◆ **Exercise data**
= = = = = = =
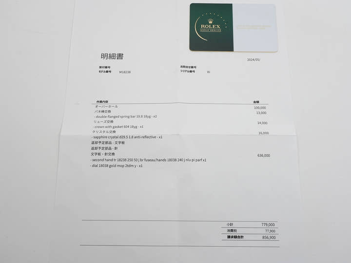 accessories | International service warranty; box; booklet; invoice; dial, hands |
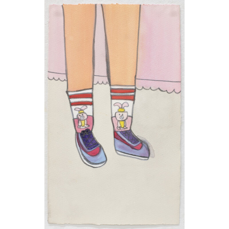 Sammi-Jo Matta is an emerging artist who uses a range of mediums in her work, from acrylic paints through to compressed charcoal. Often referencing advertisements, pop culture and everyday life, she approaches her practice with confident fluid lines and brilliant colours. The proportions of her figures are of interest and are elongated to fill the proportions of the page.
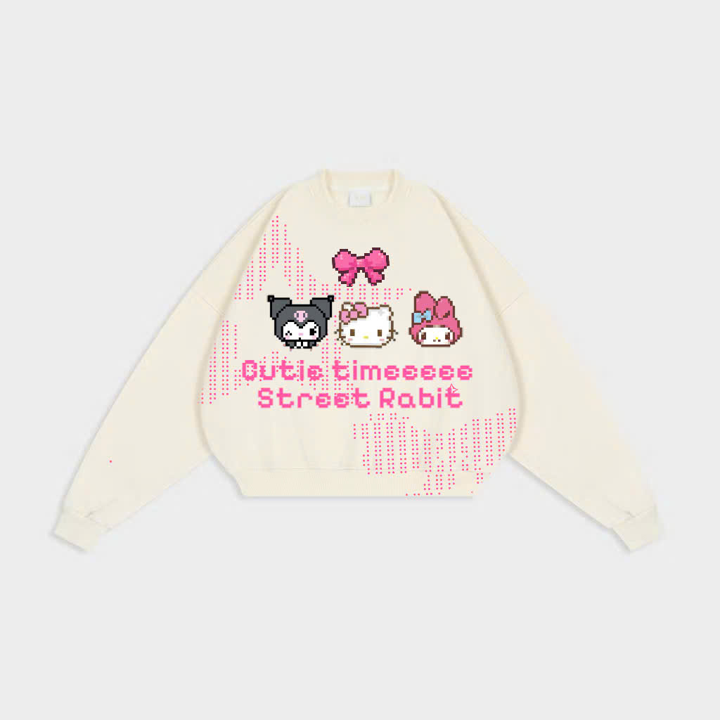 Chiếc nơ hồng to được đặt khéo léo trên đầu hình, cùng dòng chữ “Cutie timeeeee – Street Rabit” tạo nên điểm nhấn vừa vui nhộn vừa cá tính. Đặc biệt, họa tiết pixel tạo hiệu ứng rơi từ trên xuống, khiến chiếc áo trông như một trò chơi 8-bit sống động.
= = = = = = =
◆ **Instructions for the task**
An exact copy of the listing is needed, minus its pictures.

◆ **Finished exercise**
 accessories | International service warranty; box; booklet; invoice; dial, hands |
 Sammi-Jo Matta is an emerging artist who uses a range of mediums in her work, from acrylic paints through to compressed charcoal. Often referencing advertisements, pop culture and everyday life, she approaches her practice with confident fluid lines and brilliant colours. The proportions of her figures are of interest and are elongated to fill the proportions of the page.
 Chiếc nơ hồng to được đặt khéo léo trên đầu hình, cùng dòng chữ “Cutie timeeeee – Street Rabit” tạo nên điểm nhấn vừa vui nhộn vừa cá tính. Đặc biệt, họa tiết pixel tạo hiệu ứng rơi từ trên xuống, khiến chiếc áo trông như một trò chơi 8-bit sống động.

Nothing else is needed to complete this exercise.